После революции 1905 года вместо закрытого Религиозно-Философского собрания было открыто в 1907 году в Петербурге легализованное и многолюдное Религиозно-Философское общество, весьма отличавшееся от прежнего, полу-подпольного. Это было одно из обыкновенных интеллигентских обществ, повсюду возникавших в ту пору. В шутку было как-то даже объявлено о создании «Эротического общества» и обсуждался вопрос, будет ли оно раздельное для дам и мужчин.
Розанов вошел в состав совета нового Религиозно-Философского общества, выпускавшего свои «Записки». Определяя смысл и назначение деятельности нового общества, он писал: «Теперь, когда мы наблюдаем отлив политической и общественной волны, глаз невольно выискивает области, где эта волна подымается. Падение духовной жизни невозможно на пространстве всего народного и общественного моря. Куда-нибудь душа бежит же, где она может поднять крылья.

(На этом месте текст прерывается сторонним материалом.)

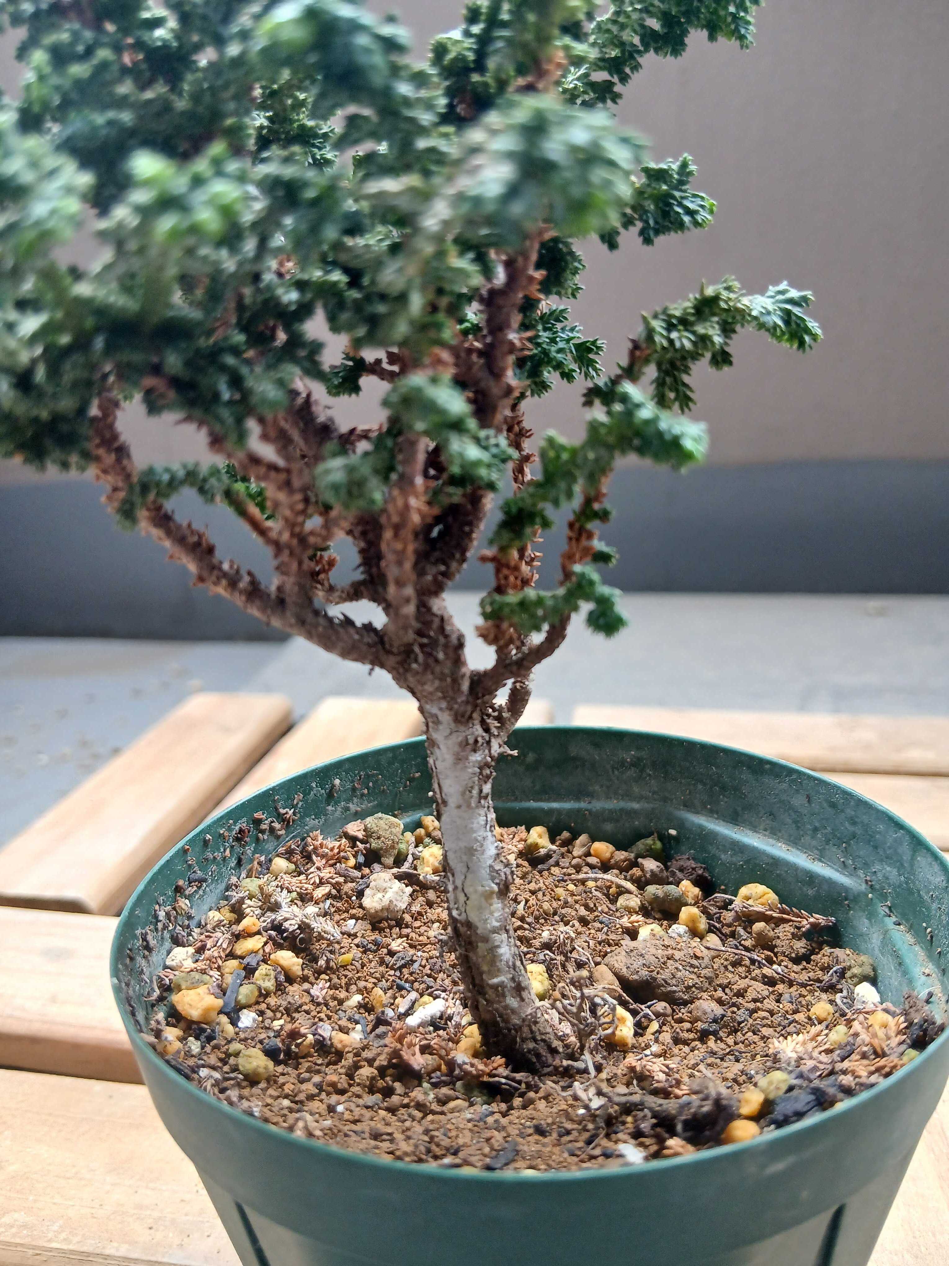 白くなった部分をピンセットでつついてみても、何かが付着しているわけではなく、幹の色が変わっている感じでした。水やりを鉢の上からセッカヒノキにかけるようにして挙げているので、その影響があるのかもしれません。いずれにせよ、少し様子見をします。

Нельзя подрезать кругом и разом все оперение души народной»[556].
Шли годы, и отношения со старыми друзьями становились все напряженнее. Мережковский стал отмежевываться от Розанова. В открытом письме Н. А. Бердяеву он писал: «Русские богословы охотно связывают нас в неразрывную парочку: „наши неохристиане, гг. Розанов и Мережковский“… Но никто не подозревал, что это — близость сходящихся противоположных крайностей, близость двух противников, которые готовятся на смертный бой».

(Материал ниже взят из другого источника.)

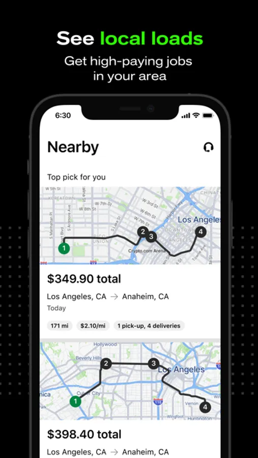Getting local jobs has never been easier. You’ll get nearby loads dispatched directly to your phone with the payout amount included. If you want the job, just tap to accept.
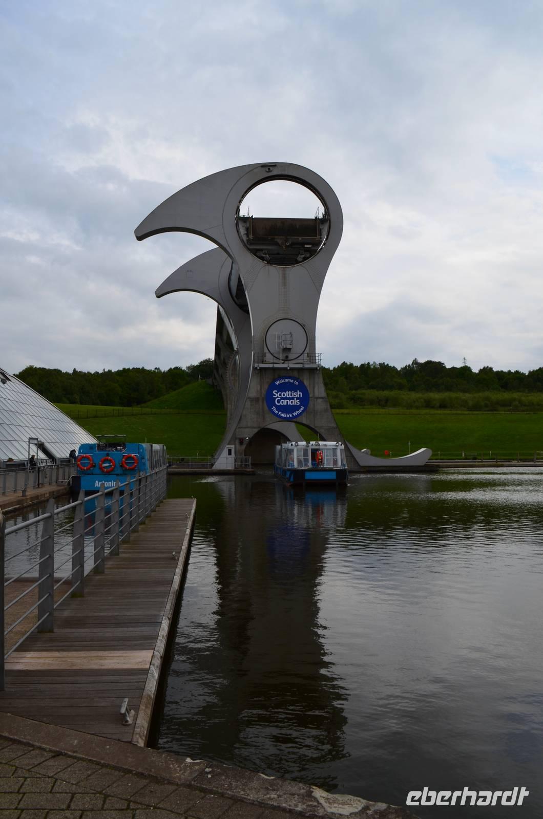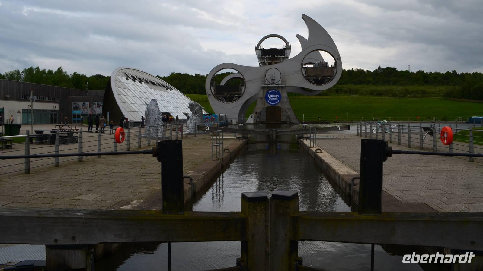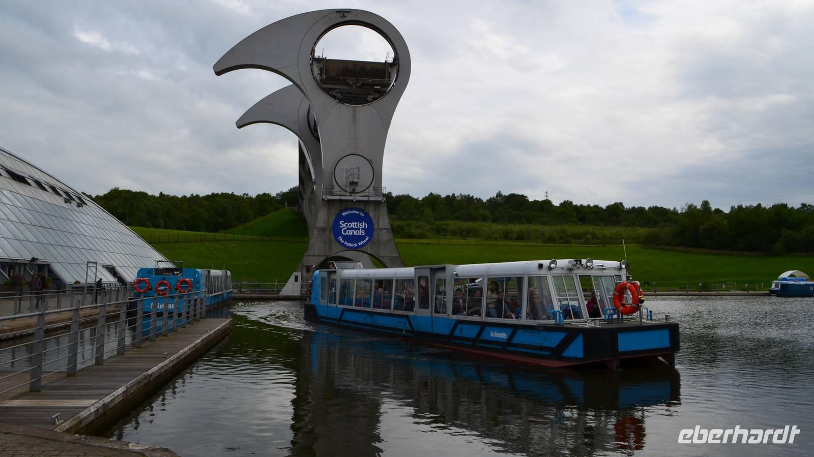 Wir fahren weiter - durch die Highlands zurück in die die Trossachs - am Loch Tay vorbei nach Killin, hier im Ort parken wir, machen Mittag und besichtigen die Falls of Dochart. Die Weiterfahrt geht über Callander und Stirling Richtung Edinburgh, mit Abstecher zum Falkirk Wheel, dem sehr sehenswerten Schiffshebewerk. Ein Schiff wird während unseres Aufenthaltes abgesenkt und so können wir uns auch von der Funktion der tollen Technik überzeugen.

Бердяев первый высказался о непримиримости, диаметральной противоположности концепций этих двух мыслителей: Розанов открывает святость пола как бы до начала мира, хочет вернуть человечество к райскому состоянию до грехопадения; Мережковский открывает то же самое после конца мира, «зовет к святому пиршеству плоти в мире преображенном». Признавая глубину и гениальность критики исторического христианства у Розанова, Мережковский не без оснований замечает, что, если бы только он «мог или захотел понять то, что я говорю, — он оказался бы моим злейшим врагом»[557].
Так оно в конце концов и должно было случиться. Странные сложились отношения Василия Васильевича и Дмитрия Сергеевича. На главу «всего символического и декадентского движения в нашей литературе», как назвал Розанов Мережковского еще в 1896 году, он «плевал во все лопатки» (выражение Розанова), а тот продолжал любить его.
И не то удивительно, что один «плевал», а другой любил, а то, что и рассказы вал-то об этом Василий Васильевич с такой самообнаженностью, что рассказ становился не только фактом бытийного поведения писателя, но и литературно-художественным образом.